Countable Elementary Submodels $M \preccurlyeq H ( \theta) $.

Question

I am reading through some of Kunen's material on Elementary Submodels and am a little unclear on one proof. Here is a part of the claim:

Let $ \theta$ be an uncountable cardinal, and let $ M$ be a countable with $ M \preccurlyeq H ( \theta) $. Then if $\theta > \omega_{1}$ : $ \omega_1 \in M$ and $ \omega_1 \not\subseteq M$...

I think that it is clear why $ \omega_1 \not\subseteq M$ ( given that $M$ is countable). I am unsure why $ \omega_1 \in M$. Kunen claims that

$\omega_1 \not\subseteq M$ is clear, and $ \omega_1 \in M$ because $\omega_1$ is definable in $ H (\theta) $ ( and in $V$).

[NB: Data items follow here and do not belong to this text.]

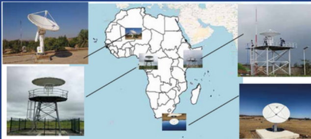
Regional Advanced Retransmission System (RARS) for low earth orbiting satellite data Network over Africa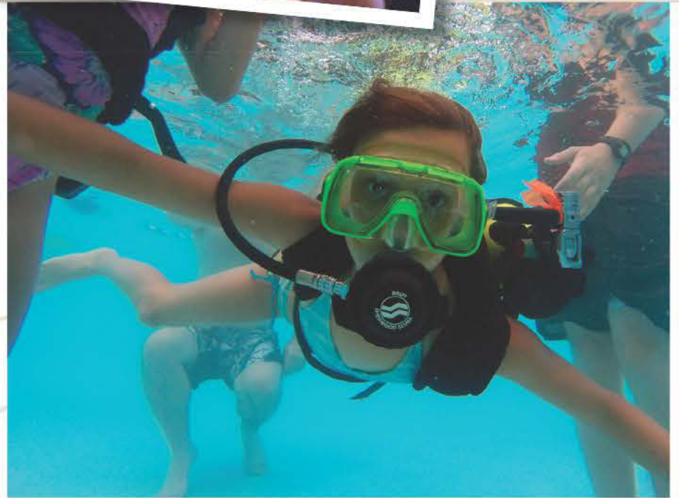
Anyone up for a game of underwater tic-tac-toe?

The Frogmen Volunteers work with local dive shops to secure air donations, repairs and donations of gear. The community also rallies around the Frogmen, helping with monetary donations to purchase and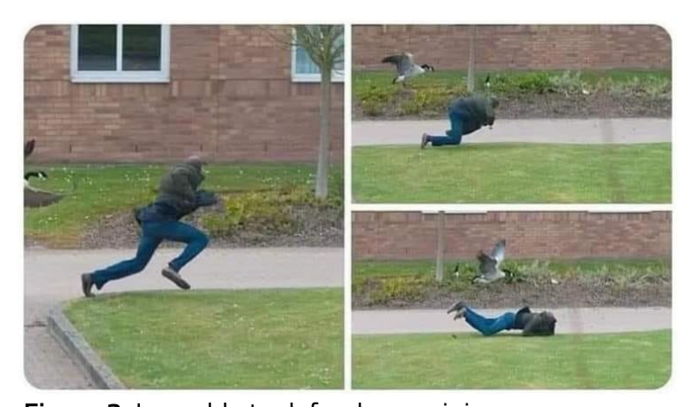
Figure 3: I am able to defend my opinions.

We've introduced Wellness Geese to campus to help students de-stress during the exam period.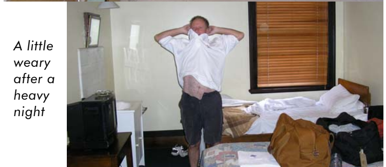
A little weary after a heavy night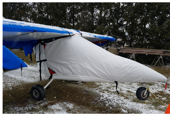
Titan Tornado Canopy/Nose Cover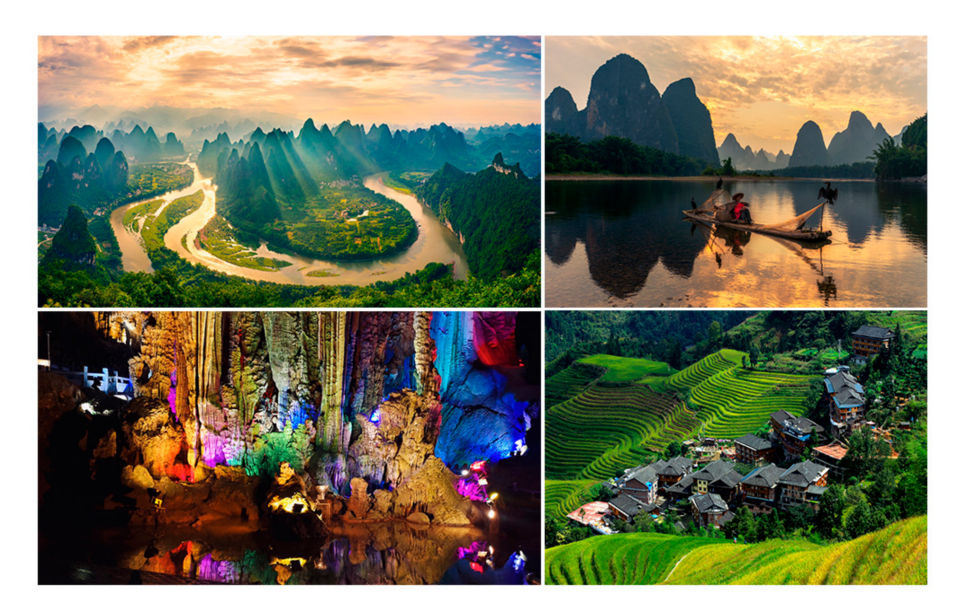
Figure 2. Ecotourism resources and scenic views of Guilin. Note: Li River (top left and right); karst cave (bottom left); rice terraces (bottom right); the pictures are courtesy of Shanghai Tuchong Network Technology Co., LTD of China.

scenic spots providing unique tourist experiences. Tourists are allowed to enter the karst caves, view stalactites, and learn about karst landforms. Known as one of the 15 most beautiful rivers in the world [66], the Lijiang River Scenic Zone in Guilin ("Li River" hereafter) is famous for its exquisite mountains and water basins, where tourists can enjoy the scenery and be close with nature. In 2004, Guilin Yangshuo became the first Global Observatory on Sustainable Tourism in China, established by the United Nations World Tourism Organization [7]. In 2014, the Li River was included in the World Natural Heritage List, recognizing its natural beauty and value of karst landforms. Moreover, rice terraces in Guilin Longsheng were designated as a Globally Important Agricultural Heritage System in 2010 by the Food and Agriculture Organization of the United Nations. Traditional methods of cultivation have been well preserved and provide tourists with unique experiences of observing how diversified planting modes and landscape patterns considerably increase the diversity of species. With its rich natural and cultural resources, Guilin is a popular destination for tourists who have primary travel motivations of enjoying and experiencing nature.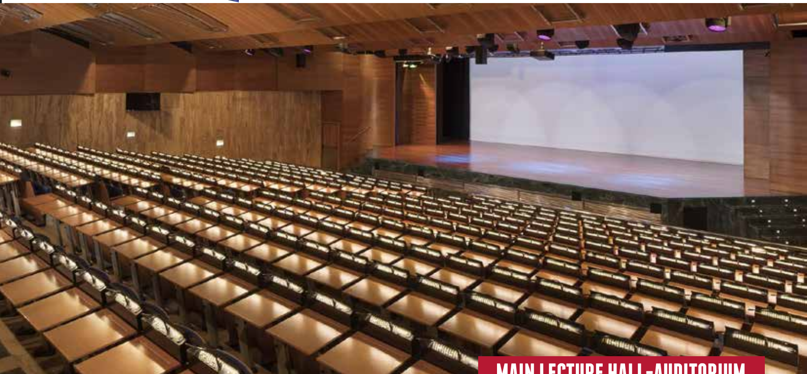
MAIN LECTURE HALL-AUDITORIUM

I do think that $ \omega_1$ is pretty clearly definable in $H(\theta)$ but I don't see why that implies $ \omega_1 \in M$.

Answer 1

Quite generally, if $A$ is an elementary submodel of $B$, then every definable element of $B$ is in $A$. To prove it, suppose $b$ is definable in $B$, so it's the only element of $b$ that satisfies (in $B$) a certain formula $\delta(x)$ (with just the one free variable $x$). Now the sentence $(\exists x)\,\delta(x)$ is true in $B$, so it's also true in the elementary submodel $A$. Therefore, $A$ has an element $a$ that satisfies $\delta(x)$ in $A$. A second use of the "elementary submodel" assumption shows that this same element $a$ also satisfies $\delta(x)$ in $B$. But $b$ was the only element satisfying $\delta(x)$ in $B$, so we must have $a=b$. Since $a\in A$, it follows that $b\in A$, as claimed.

Answer 2

Because $M \equiv H(\theta)$, $M$ contains a witness $\kappa$ to "there is a least uncountable cardinal", as that sentence is true in $H(\theta)$. Because $ M \preccurlyeq H(\theta)$, the same is true of $\kappa$ in $H(\theta)$. Because $\omega_1 \in H(\theta)$, $H(\theta)$ knows the real "least uncountable cardinal", so $\kappa = \omega_1$.